Critical Cryptocat group chat bug fixed

A critical security vulnerability in Cryptocat versions older than 2.0.42 has been patched and developers are urging users to update to the latest available version of the encrypted online chatting app.

According to their Thursday blog post, the vulnerability was discovered by a volunteer named Steve Thomas a few weeks ago, and allowed any conversations had over Cryptocat’s group chat function between versions 2.0 and 2.0.42 to be easily cracked via a brute force attack.

“Private chats are not affected: Private queries (1-on-1) are handled over the OTR protocol, and are therefore completely unaffected by this bug. Their security was not weakened,” they also made sure to note.

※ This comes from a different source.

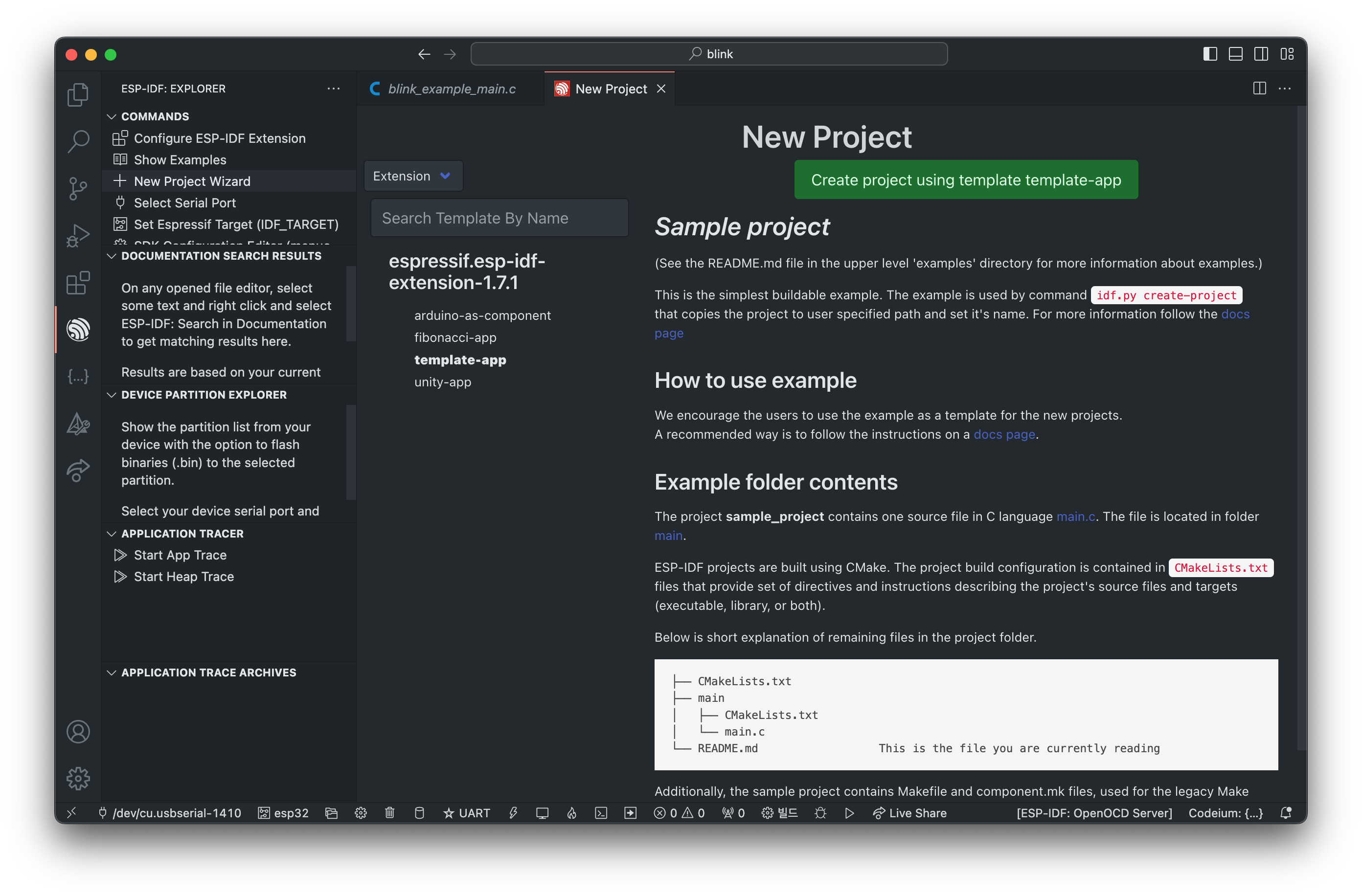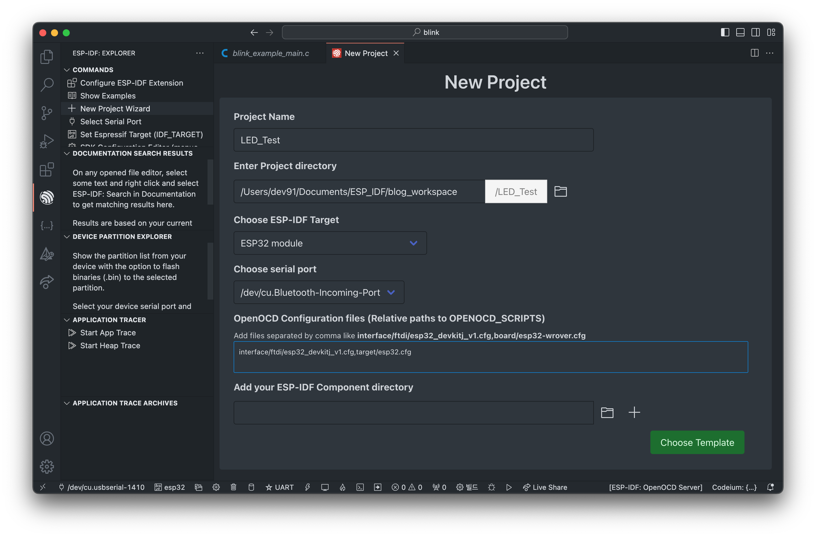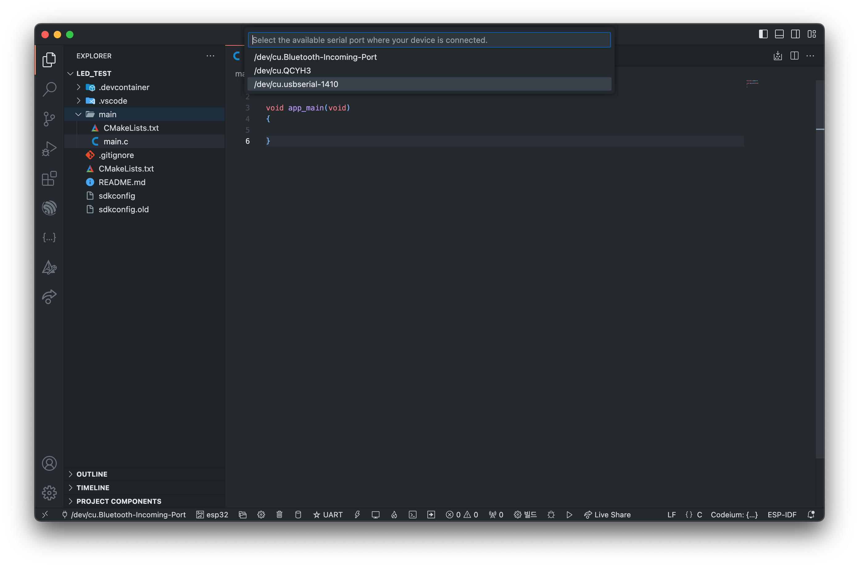 하단에 작업표시줄을 보시면, 현재 세팅된 port, esp-idf target을 확인 할 수 있습니다.

“Our SSL keys are safe: For some reason, there are rumors that our SSL keys were compromised. To the best of our knowledge, this is not the case. All Cryptocat data still passed over SSL, and that offers a small layer of protection that may help with this issue. Of course, it does not in any way save from the fact that due to our blunder, seven months of conversations were easier to crack,” they explained, and apologized for making the mistake.

The announcement was apparently a reaction to Steve Thomas’ own blog post in which he urged users who used Cryptocat from October 17th, 2011 to June 15th, 2013 to assume their messages were compromised.

“There was a bug in the generation of ECC private keys that went unchecked for 347 days,” he wrote, saying that the flaw made the ECC private keys “ridiculously small” and, therefore, easily crackable.

To prove his point, he created Decryptocat, a tool that at cracks those keys in Cryptocat versions 1.1.147 through 2.0.41.

Despite helping the project, Thomas obviously does not have a high opinion of Cryptocat’s developers.

“Cryptocat is run by people that don’t know crypto, make stupid mistakes, and not enough eyes are looking at their code to find the bugs,” he says. “Cryptocat tried BPKDF2, RSA, Diffie-Hellman, and ECC and managed to mess them all up because they used iterations or key sizes less than the minimums [sic].”

He advises users not to use Cryptocat as “there’s no telling how long it will be until they break their public key encryption.”